Since the object to which the variable refers can be modified, it does not need to be copied and then changed, but is directly changed in place, so no new memory will be opened, and the id will remain unchanged before and after the change.
Of course, this is not the case with immutable objects, you can compare it with this
abc = 3 dd = abc dd = 43 print(abc) # 3, does not change with the change of dd
But if it is a copy, it is just copying the content, and it is not passed a reference. This is especially useful when you want to use the values of the list without modifying the original list.
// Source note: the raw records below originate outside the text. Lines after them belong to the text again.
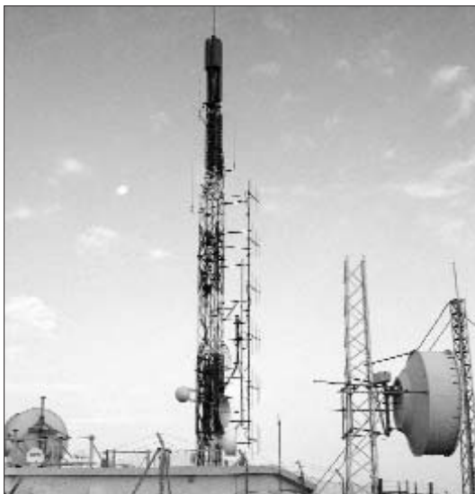
El repetidor de Perenxisa és l'únic que s'ha salvat de la segona onada d'expedients

El tancament d'Alginet i la Llosa són producte del segon i tercer expedient obert per la Generalitat valenciana. Concretament el mes de febrer d'enguany es va obrir un procés sancionador contra aquests dos reemissors i el repetidor de la Perenxisa - que dona cobertura a l'àrea metropolitana de València -. Així mateix s'interposava una multa de 300.000 euros que se sumava als 300.000 del primer expedient dels repetidors del Bartolo (Castelló), la Carrasqueta (Alacant) i Mondúver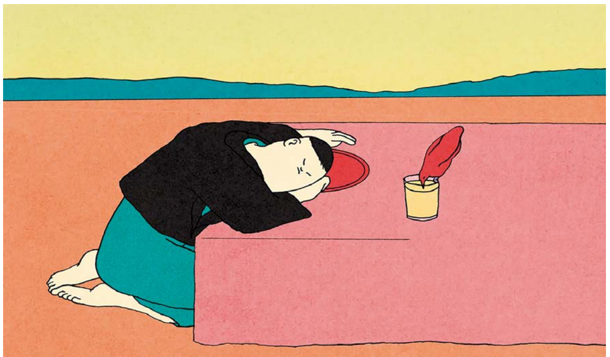
Figura 1. Viñeta de Cénit . María Medem, 2018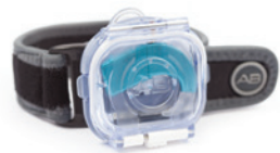
Зажим и нарукавная повязка 1 для самых экстремальных условий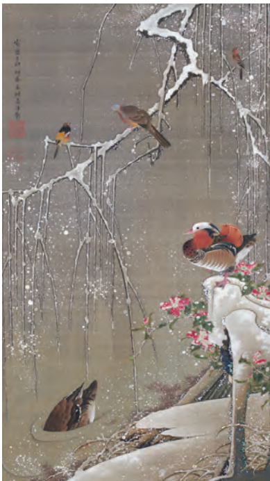
3 雪中鴛鴦図(せっちゅうえんおうず)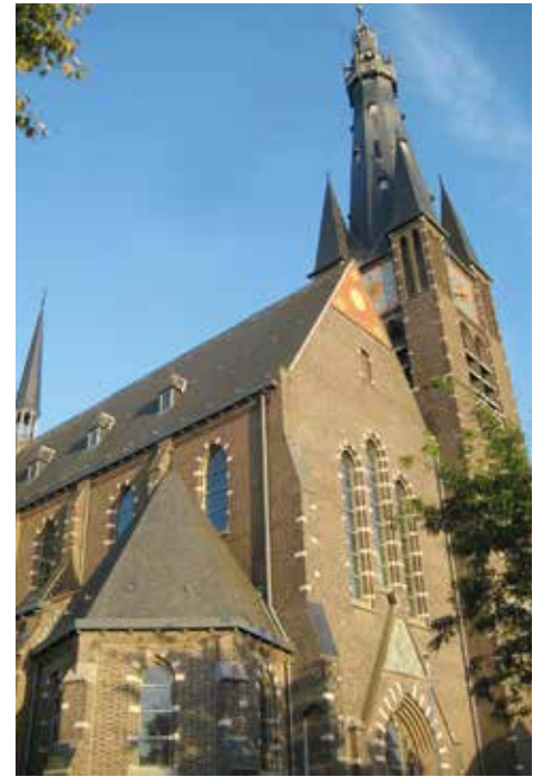
▲ Onze kerk heeft goede zorgen en opvolging nodig.

Voor en tijdens de ceremonie werden er gedachten uitgewisseld om de kerk in de toekomst nog meer te promoten bij onze toeristen.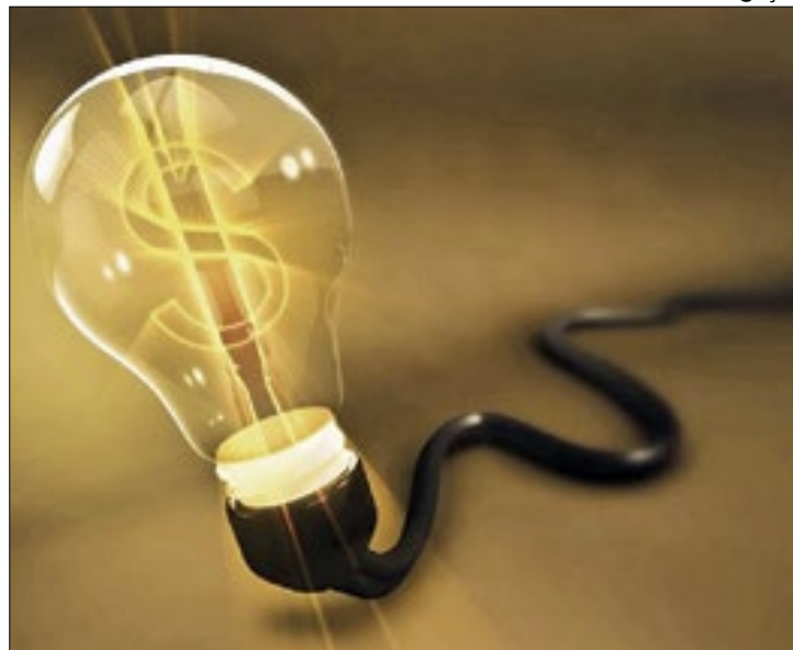
Alívio temporário poderá ficar mais caro para o consumidor

Defendida com 'ardor' pelo titular do Ministério de Minas e Energia (MME), Alexandre Silveira, a matéria legislativa foi assinada pelo presidente da República, a despeito de resistências de alguns setores governamentais. Do ponto de vista do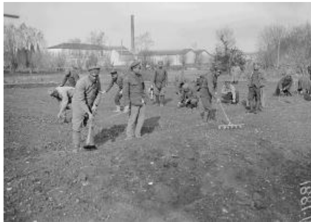
Référence : SPA 60 V 1881 Nîmes. Des prisonniers bulgares participent aux travaux agricoles. 7 avril 1917.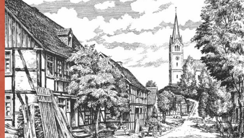
Haus Padberg / Ewers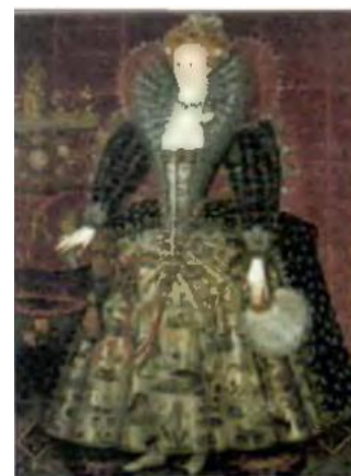
Yelizaveta I – Angliya qirolchasi

VI. Uyga vazifani e‘lon qilish: yangi mavzuni to‘liq takrorlash va yangi mavzu yuzasidan bilimlarini mustahkamlab kelish.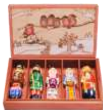
Набор деревянных игрушек на ёлку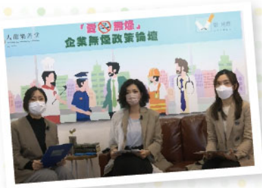
▲ 「無煙政策論壇」網上活動，講解「吸煙與三高」專題，並向企業分享無煙政策建議

如有興趣申請外展健康教育計劃或加入企業健康推廣平台，可致電 2272 9870 與職員查詢。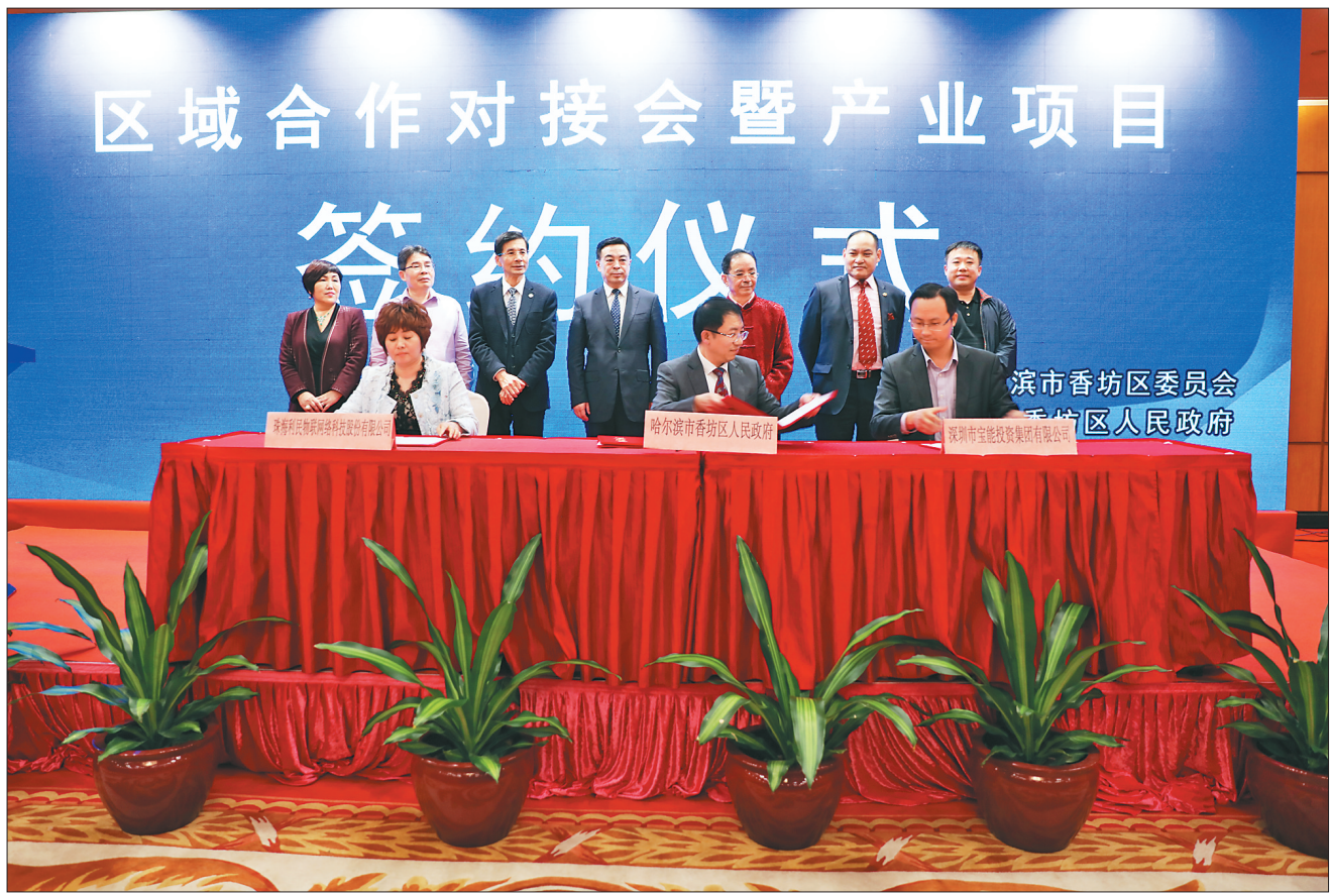
香坊区在深圳进行项目签约。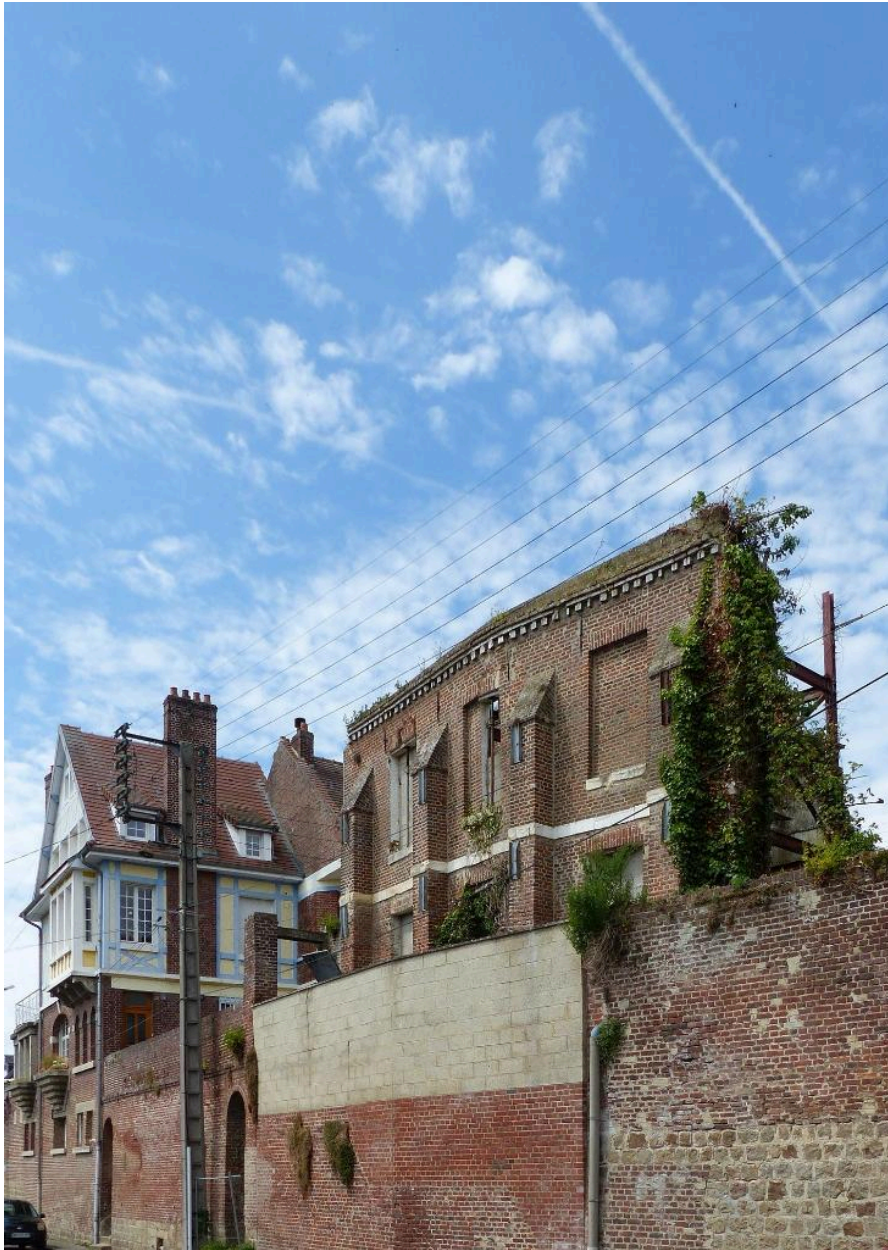
Les demeures de la rue Fournier vues depuis la rue du Collège. Au premier plan, la maison du n°9, partiellement écroulée en 1893.

blist = alist[:] # or alist.copy() print(alist is blist) # False blist.append(4) print(alist) # still [1, 2, 3] no change
as function parameter
test_list = [1, 2, 3, 4] test_str = 'HAHA' def change(alist): alist.append(5) def not_change(astr): astr.lower() change(test_list) not_change(test_str) print(test_list) # changed the original value print(test_str) # no change
Of course, if you don't want to change the value of the original list, the parameter can be passed in a copy of the column variable.alsit[:]
interesting example
Looking at an interesting example, we know that list can be used to +
add a list.
a1 = [1, 2, 3] a2 = a1 print(id(a1), id(a2)) # Actually a2 points to the new object, the id has changed. # So now a2, a1 are not two references to the same object, a2 changes a1 will not change a2 = a2 + [4] # In this equation, the a2 on the right is still the same as the id of a1. Once the assignment is successful, a2 points to the new object print(id(1), id(a2)) # Not equal, the id of a2 has changed print(a1) # [1, 2, 3] does not change
If so write
a1 = [1, 2, 3] a2 = a1 print(id(a1), id(a2)) a2 += [4] # Equivalent to calling a2.extend([4]), no new objects are generated for in-situ changes print(id(1), id(a2)) # equal, the id of a2 has not changed print(a1)
The difference is that a2 += [4]
this sentence is equivalent to calling a2.extend([4])
and changing in place, and no new objects are generated.